→ **Task**
Give back exactly the lines of the material below that start at the line containing "New Cute Bear" and end at the line containing "Se observó una", and no others.

→ **Task input**
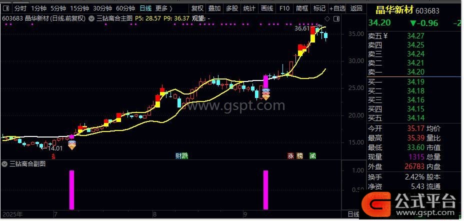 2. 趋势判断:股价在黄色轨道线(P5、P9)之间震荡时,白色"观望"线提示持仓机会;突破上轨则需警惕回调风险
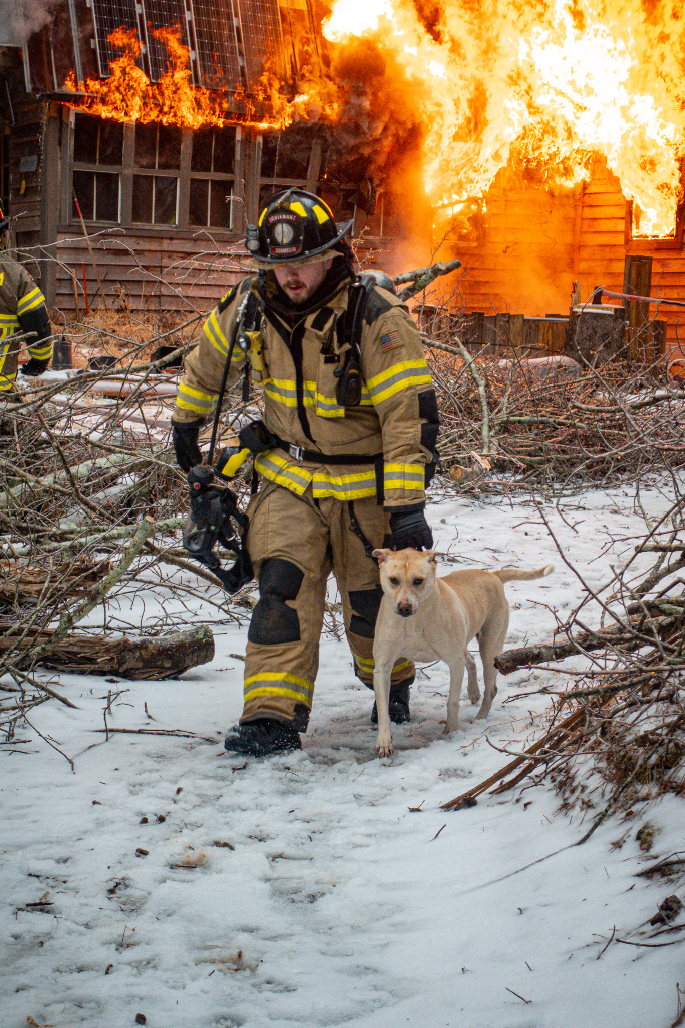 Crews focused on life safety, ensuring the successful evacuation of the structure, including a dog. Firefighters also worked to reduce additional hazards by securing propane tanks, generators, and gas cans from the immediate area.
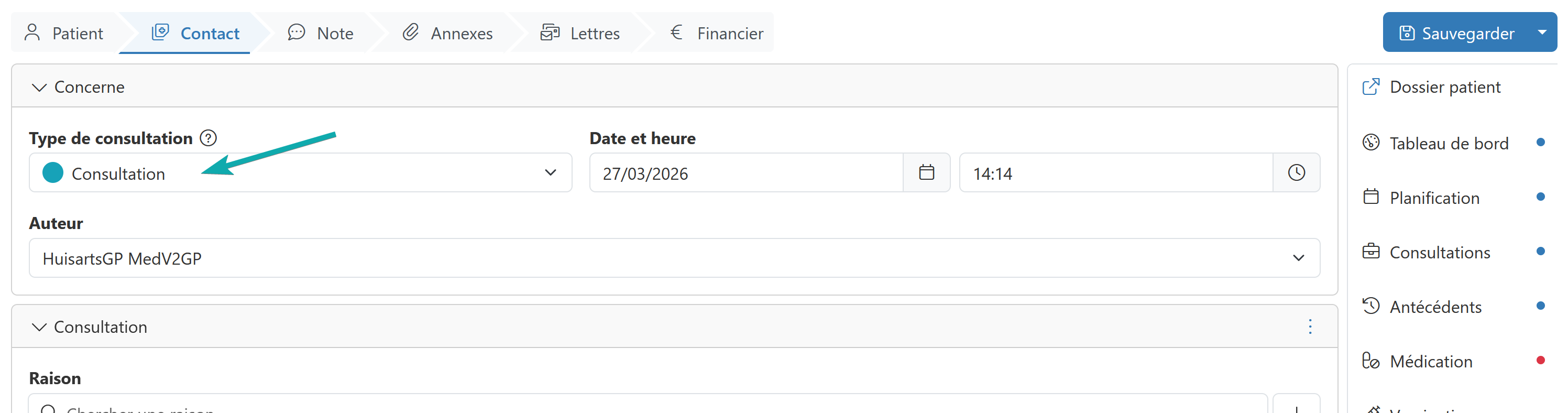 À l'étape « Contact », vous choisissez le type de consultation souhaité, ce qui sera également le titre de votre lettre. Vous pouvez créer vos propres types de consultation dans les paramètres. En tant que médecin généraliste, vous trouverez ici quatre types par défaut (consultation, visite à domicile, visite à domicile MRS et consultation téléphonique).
--
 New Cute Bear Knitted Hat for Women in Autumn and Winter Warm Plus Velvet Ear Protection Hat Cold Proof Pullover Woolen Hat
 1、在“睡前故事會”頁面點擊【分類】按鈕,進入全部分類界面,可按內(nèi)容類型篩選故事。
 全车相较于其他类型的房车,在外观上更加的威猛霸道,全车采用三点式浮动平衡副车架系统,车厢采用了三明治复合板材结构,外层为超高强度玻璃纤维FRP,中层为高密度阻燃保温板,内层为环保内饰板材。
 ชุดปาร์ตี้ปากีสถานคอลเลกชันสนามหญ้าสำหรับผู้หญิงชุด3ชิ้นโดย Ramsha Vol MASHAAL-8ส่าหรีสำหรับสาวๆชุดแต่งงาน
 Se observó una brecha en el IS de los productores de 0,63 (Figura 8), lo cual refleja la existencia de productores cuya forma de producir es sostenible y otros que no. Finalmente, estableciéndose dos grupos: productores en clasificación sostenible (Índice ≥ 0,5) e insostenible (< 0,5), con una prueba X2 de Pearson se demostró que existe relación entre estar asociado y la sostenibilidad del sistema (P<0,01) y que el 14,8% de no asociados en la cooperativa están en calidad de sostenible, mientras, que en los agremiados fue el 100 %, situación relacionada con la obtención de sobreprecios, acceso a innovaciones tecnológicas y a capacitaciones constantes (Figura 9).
...
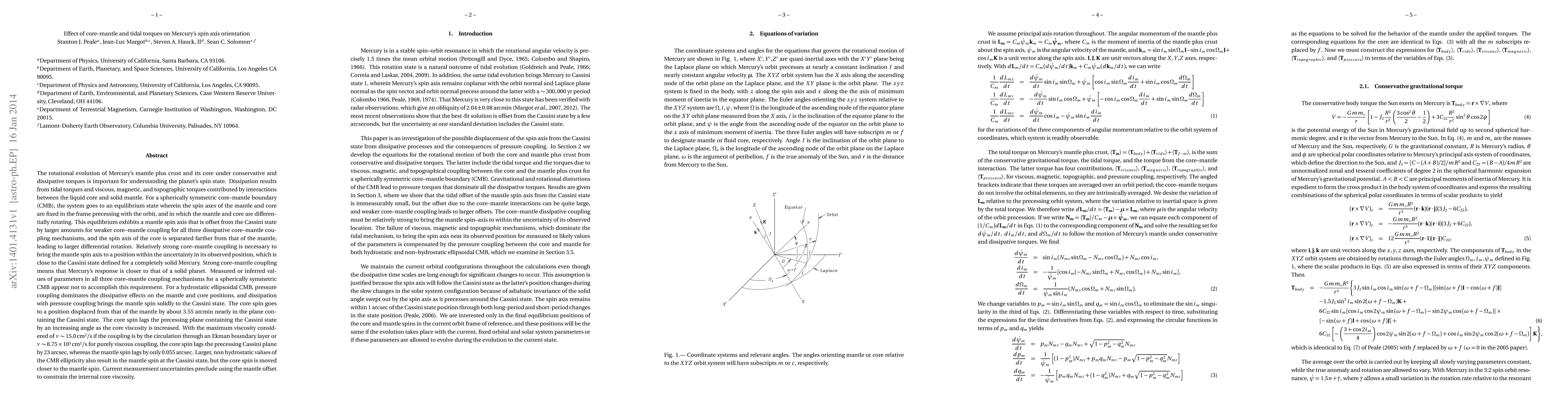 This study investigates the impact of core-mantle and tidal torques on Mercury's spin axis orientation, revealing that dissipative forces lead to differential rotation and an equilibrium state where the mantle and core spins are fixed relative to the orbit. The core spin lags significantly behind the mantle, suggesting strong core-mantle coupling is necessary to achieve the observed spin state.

→ **Output of the exercise**
 New Cute Bear Knitted Hat for Women in Autumn and Winter Warm Plus Velvet Ear Protection Hat Cold Proof Pullover Woolen Hat
 1、在“睡前故事會”頁面點擊【分類】按鈕,進入全部分類界面,可按內(nèi)容類型篩選故事。
 全车相较于其他类型的房车,在外观上更加的威猛霸道,全车采用三点式浮动平衡副车架系统,车厢采用了三明治复合板材结构,外层为超高强度玻璃纤维FRP,中层为高密度阻燃保温板,内层为环保内饰板材。
 ชุดปาร์ตี้ปากีสถานคอลเลกชันสนามหญ้าสำหรับผู้หญิงชุด3ชิ้นโดย Ramsha Vol MASHAAL-8ส่าหรีสำหรับสาวๆชุดแต่งงาน
 Se observó una brecha en el IS de los productores de 0,63 (Figura 8), lo cual refleja la existencia de productores cuya forma de producir es sostenible y otros que no. Finalmente, estableciéndose dos grupos: productores en clasificación sostenible (Índice ≥ 0,5) e insostenible (< 0,5), con una prueba X2 de Pearson se demostró que existe relación entre estar asociado y la sostenibilidad del sistema (P<0,01) y que el 14,8% de no asociados en la cooperativa están en calidad de sostenible, mientras, que en los agremiados fue el 100 %, situación relacionada con la obtención de sobreprecios, acceso a innovaciones tecnológicas y a capacitaciones constantes (Figura 9).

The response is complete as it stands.